# Explaining Marriott's "Seasons" of the year



## Dave M (Mar 6, 2006)

Marriott's calendar is divided into "seasons" for its resorts. Those seasons differ from those designated by Interval International ("II") and serve a different purpose. 

II divides exchange seasons into Red (highest), Yellow and Green. The higher the season, the more demand there is for trading into those weeks and, generally, the more trading power weeks during that period have.

Marriott's "season" designations are used for sales purposes to set different sales prices, based on how much demand Marriott expects there will be for purchasing weeks during a particular season. At some resorts (e.g., Hawaii resorts and Grand Chateau in Las Vegas), Marriott believed there would be comparable demand throughout the year and designated the entire year, with the exception of a few holiday weeks, as a single Platinum season. At other resorts (e.g., ski resorts), there are typically very slow fall and late spring seasons, making it appropriate to sell those off-season weeks at lower prices and generating the need for different seasons for setting prices. 

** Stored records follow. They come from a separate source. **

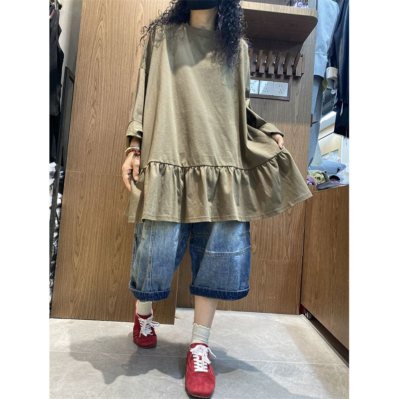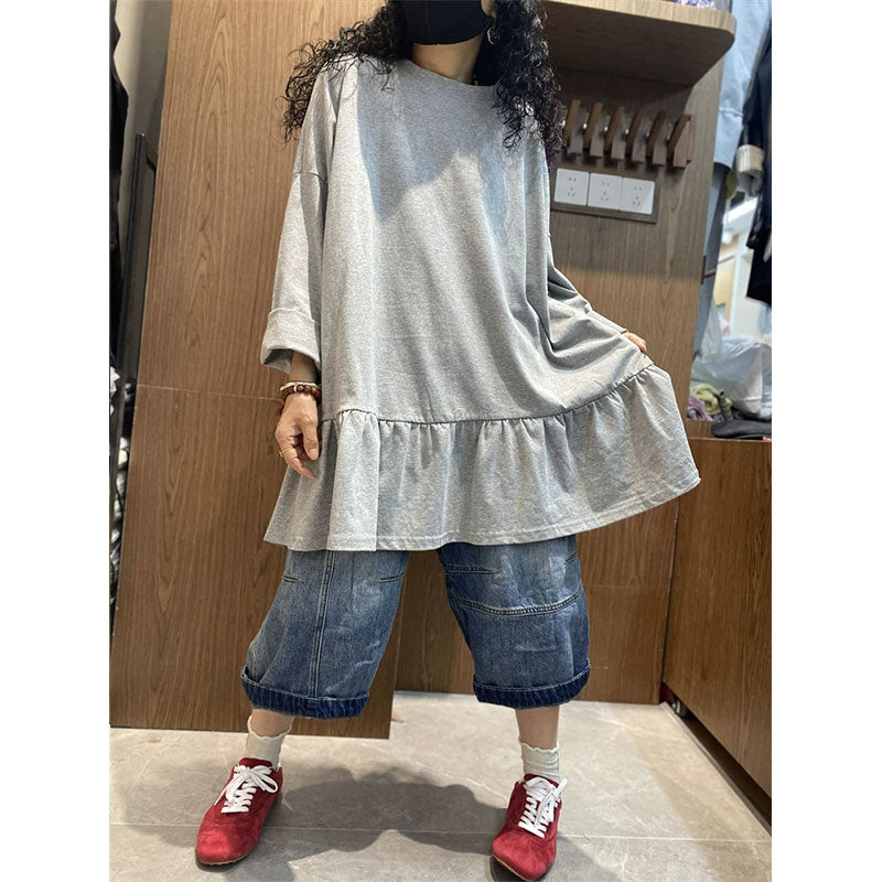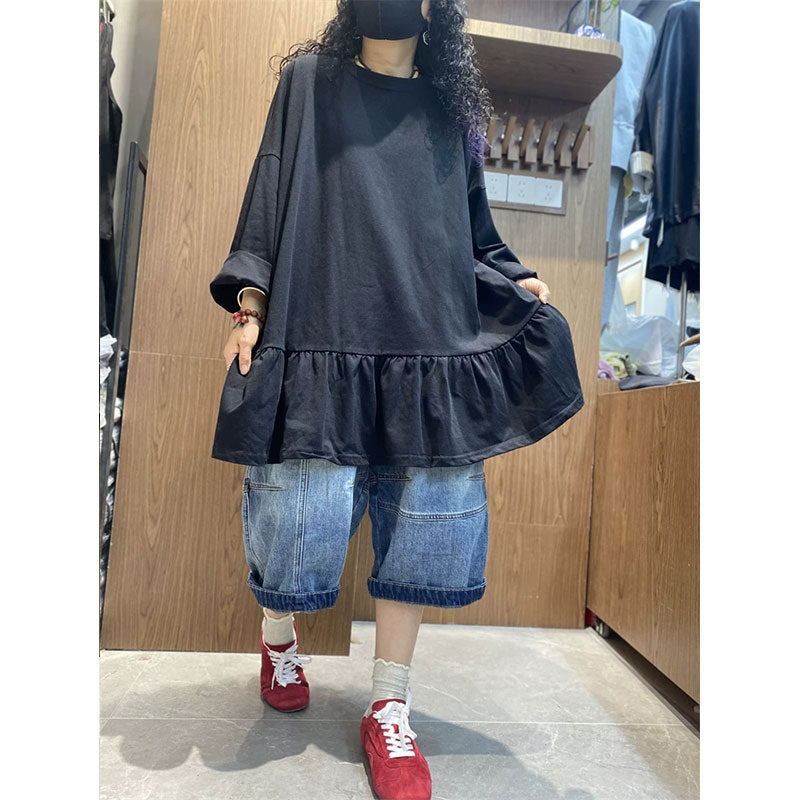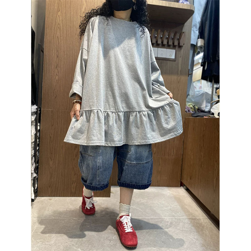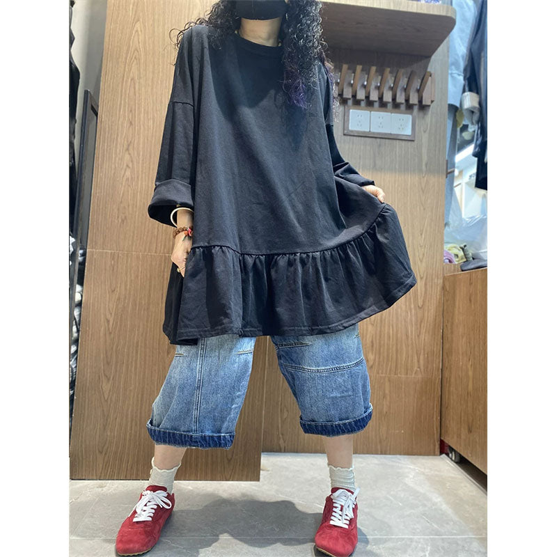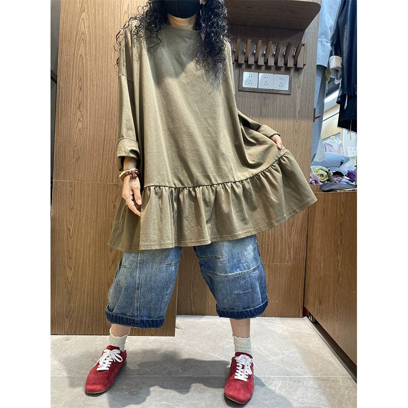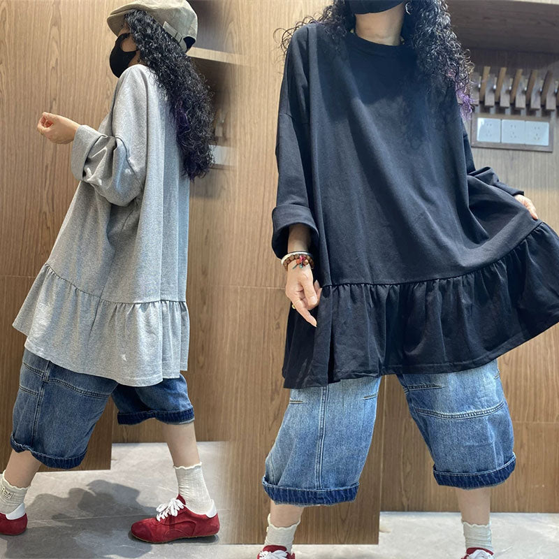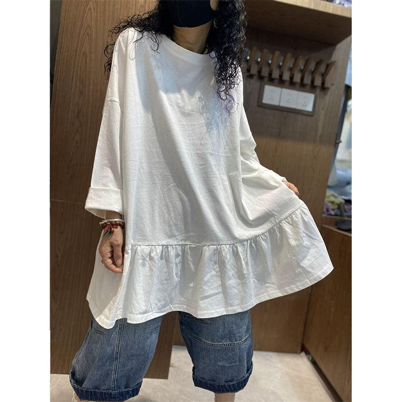 シンプルかわいい フレア裾 高品質 切替 ゆったりめ ロングTシャツ – Jojormaru
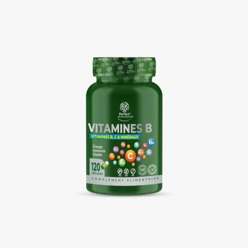 Vitamine B Complex 120 Capsules – Perfect Nutrition est un complément alimentaire essentiel pour soutenir le métabolisme énergétique, le système nerveux et réduire la fatigue physique et mentale. Sa formule complète regroupe les principales vitamines du groupe B, indispensables à la production d’énergie, au bon fonctionnement du cerveau et au maintien d’un système nerveux sain. Elle contribue également à améliorer la concentration, la vitalité quotidienne et les performances, notamment chez les sportifs et les personnes actives.
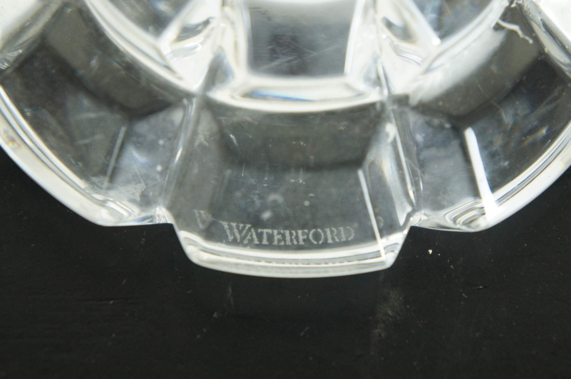 Set of four late 20th century Waterford cut crystal Luma / Illuminology candlesticks. Column design with splayed bases, cut in a modern geometric stone / brick pattern.
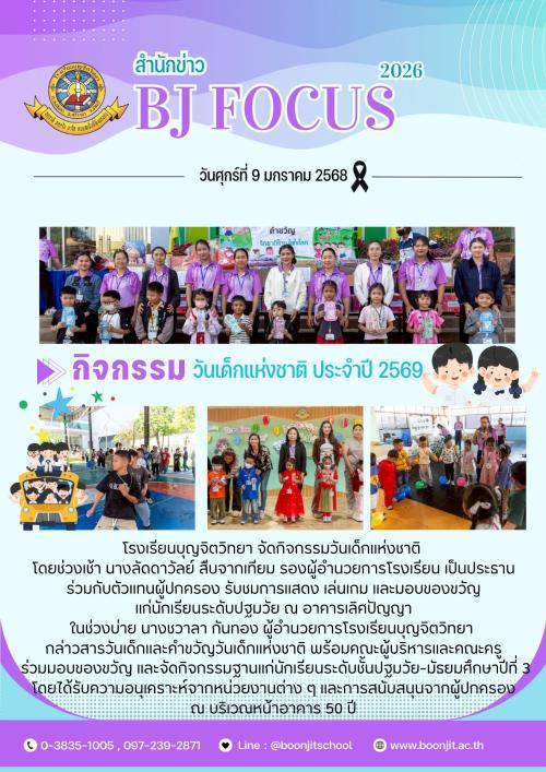 วันศุกร์ที่ 9 มกราคม 2568 โรงเรียนบุญจิตวิทยา จัดกิจกรรมวันเด็กแห่งชาติ โดยช่วงเช้า นางลัดดาวัลย์ สืบจากเทียม รองผู้อำนวยการ

Marriott has used different names for the various seasons at various resorts. It uses several different families of names for resorts with floating weeks:
Platinum Holiday, Platinum Plus, Platinum (sometimes divided into Platinum Summer and Platinum Ski), Gold Holiday, Gold, Silver, Bonus Time, Bronze
Special, Summer, Sport, Value, Preferred
Red, Pink, White, Blue
Fixed weeks (e.g., Streamside and Maui Sequel). Most of the Platinum Plus and Platinum Holiday weeks are fixed weeks.
Not all resorts have all of the seasons indicated for a particular line. For example, Las Vegas has one basic season and Grande Ocean has four. But both use the "Platinum" season system.

(I will add a link to this post in the FAQs for this forum.)


----------